Sunday, September 13, 2009

Printing of the Kanga

Kangas have been printed and designed in many countries including, Holland which printed textiles for the African market begining in the 1800's with the Katenge. Kanga designs like the one above were printed in the 40's and 50's and shipped to the Mombasa shop of Mali Y Abdullah.
Department of Cultural Heritage researchers explore
urban stories of the kanga....

Stories in history......Is it a Lenco or a Leso?

The kanga also called leso may trace its roots to the handerchiefs embroderied by Portugese girls and given to their lovers before they set sail from the Portugese Island of Maderia, as early as......... The handerchief is in use today and called lenco. Early stories from the kenyan coast describe these squares later printed on large pieces of cloth and used by Swahili women in the traditional Swahili fashion of two pieces nguo mbili, or two cloths.

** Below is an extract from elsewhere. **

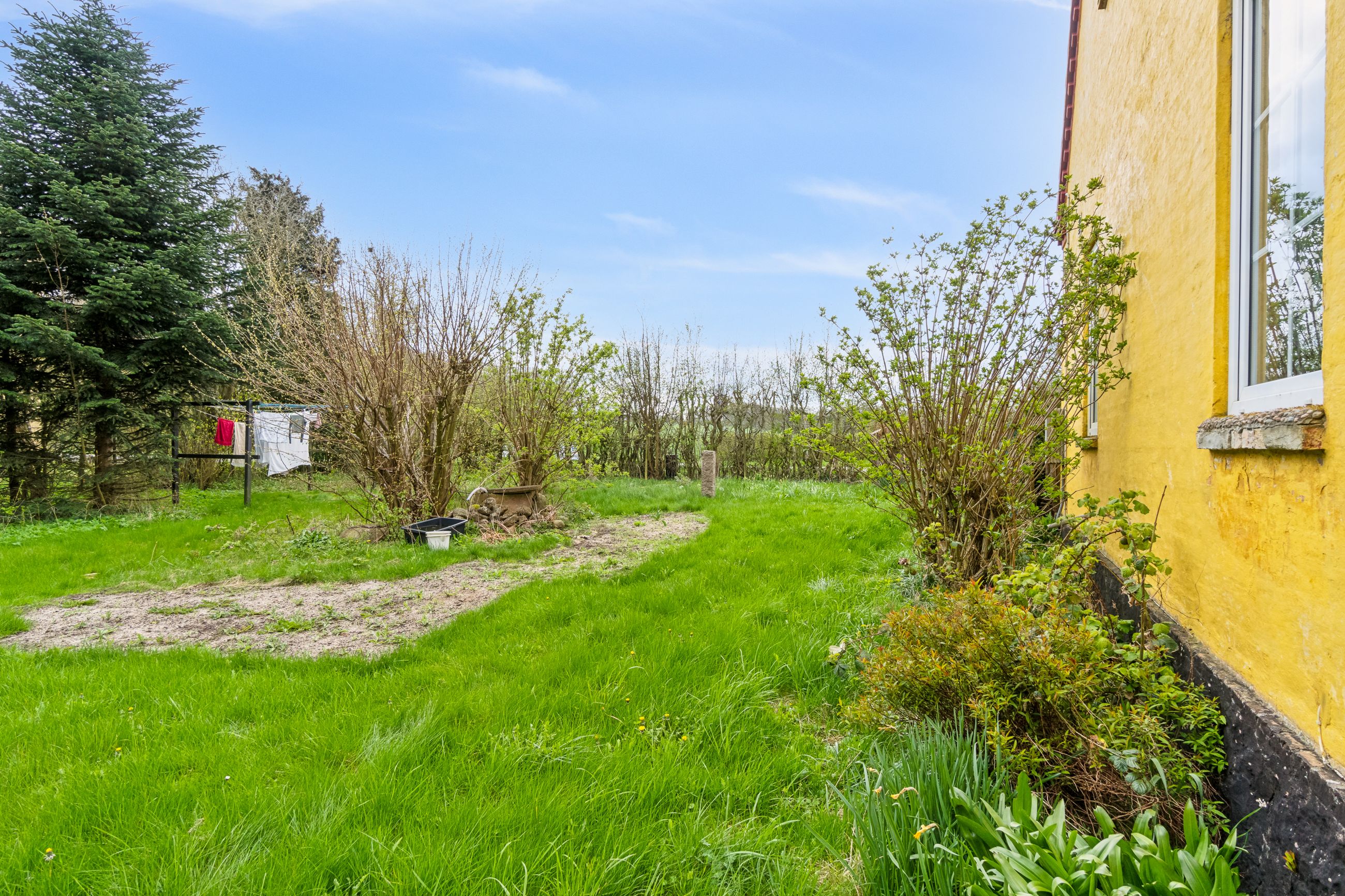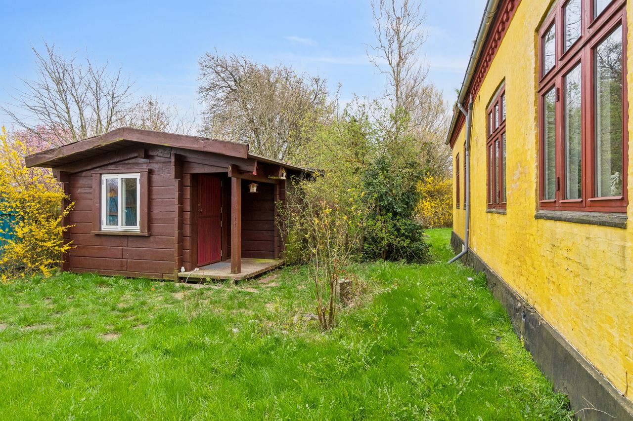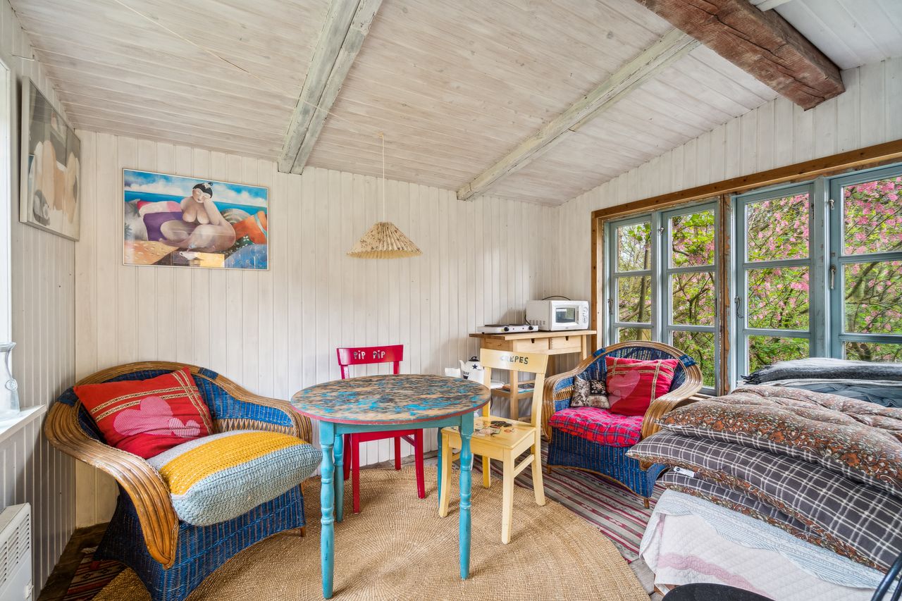 Anneks i baghaven, som rummer et stort værelse.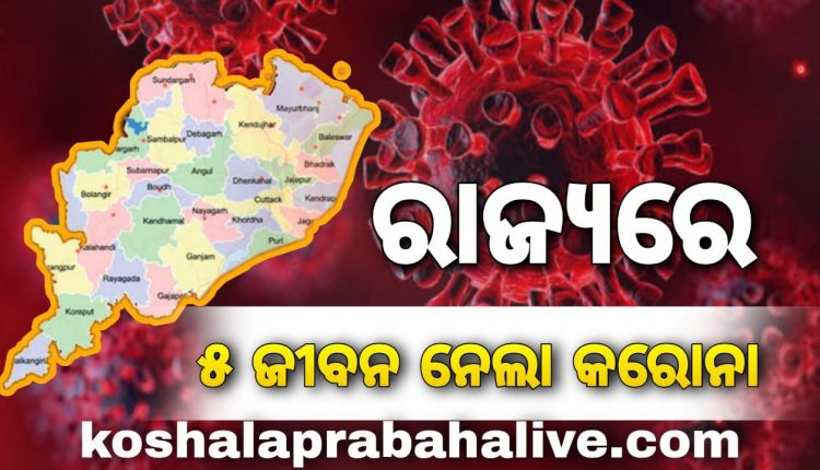 ଭୁବନେଶ୍ୱର, (କେପିଏନ୍ଏସ୍) : ଆଜି ରାଜ୍ୟରେ କରୋନାରେ ୫ ଜଣଙ୍କ ଜୀବନ ହାନୀ ଘଟିଥିବା ରାଜ୍ୟ ସ୍ୱାସ୍ଥ୍ୟ ଓ ପରିବାର କଲ୍ୟାଣ ବିଭାଗ ପକ୍ଷରୁ ସୂଚନା ଦିଆଯାଇଛି । ତେବେ ମୃତକମାନେ କେଉଁଝର ଜିଲ୍ଲାରୁ ୨ ଜଣ, ମୟୁରଭଂଜ ଜିଲ୍ଲା, ମାଲକାନ୍ଗିରି ଜିଲ୍ଲା ଓ ନୂଆପଡ଼ା ଜିଲ୍ଲାରୁ ଜଣେ ଲେଖାଏଁ ହୋଇଥିବା ସୂଚନା ରହିଛି ।

Sample of the printed square and of the traditional Swahili use of the printed textile called the leso

Stories in history

Is that a kanga?
1927 around Nairobi?
Photo credits: "Old Africa" and the Block collection.

The use of the Kanga is varied through out East Africa, Mozambique, Oman, Coromos Islands, Mali, Angola, Japan......among the African disaporia in the UK, Switzerland, US, France, and more......its history begins at least 100 years ago. Stories of a kanga like cloth of colorful designs began appearing in texts as early as the mid 1800's and are tied to textile production and slave trade across Africa. The most notable early use of the kanga was among the Swahili culture on the coast of Kenya and Tanzania and on the islands of Pemba and Kilifi, major trading ports in the mid-1800's. It is more difficult to establish exactly when the kanga came in-land. Stories are told of wives of slave traders bringing colorful cloths with them from the Congo basin. Less colorful cloths which were worn in Africa from the 1700's were replaced with color and design with wealth and status.

A review of english and swahili literature shows gaps and contradictions concerning the kanga following are several of the more interesting stories.....please add your comments on the history of this cloth!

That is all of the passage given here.